Cooling

A lot of people don't realize that the powerplant is cooled by ocean water, and that water travels through two 3 mile long tunnels. The tunnels were dug from the construction site out to the ocean. They each are 19 ft in diameter. The intake tunnel is 17,140 ft long and the discharge tunnel is 16,483 ft long. The intake and discharge vertical shafts were constructed before the tunnels. The first picture shows roughly how the tunnels are situated. The water temperature increases about 34 degrees at the plant but by the time it gets back to the ocean it is only 5 degrees warmer then the intake after exiting through the diffuser nozzles.


This picture shows the three intake shafts.


Three miles out and 160' below the water's surface. Out at the end of the Intake Tunnel.


The three intake structures before they were lowered to the ocean floor.


Two men on top of one intake structure. Good for seeing the size of the intake. After Seabrook Station began operation seals would swim into the intake, down into the tunnel and get lost. The width beween the bars is 16". The flow of the water is slow enough at the intake not to suck in wild life, but it doesn't stop the curious.

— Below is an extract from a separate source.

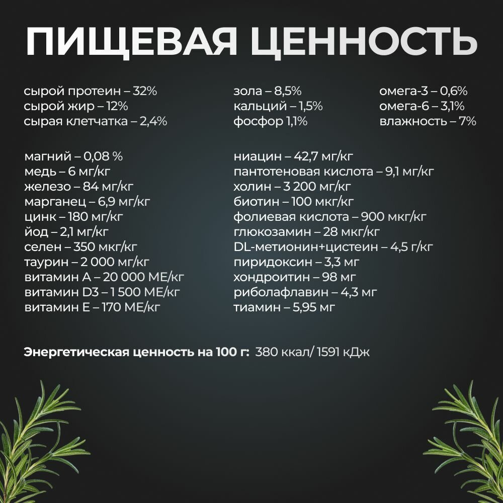 | Пищевая ценность | сырой протеин - 35%, сырой жир - 12%, сырая клетчатка - 2,5%, зола - 8%, кальций - 1%, фосфор - 0,7%, омега 3 - 0,9%, омега 6 - 3%, влажность - 8% |

To keep the seals from swimming into the intake structures, seal deterrent barrier panels were created. This is a mockup showing the panels bolted to the original (blue) bars. The distance between the bars is 5". Since being installed in Aug, 1999 no seals have been trapped in the tunnels.


Closeup of a seal deterrent barrier panel installed. It's easy to see how much of a difference 5" is than 16".


If were sitting on a boat, out at the buoy marking the intake structures, this is what it would look like. You can see Unit 1 and Unit 2 containment buildings in the distance.


The discharge diffuser nozzles are quite different than the intakes. Heated cooling water is discharged out of eleven of these spaced about 100 ft apart. The openings of each nozzle are about 2.5 ft in diameter. The diffuser nozzles jet the warmer water out at about 10 feet per second at a point about 50 feet below the ocean surface. The surface water temperature rise is limited to no more than 5 degrees fahrenheit above the ambient ocean surface water temperature.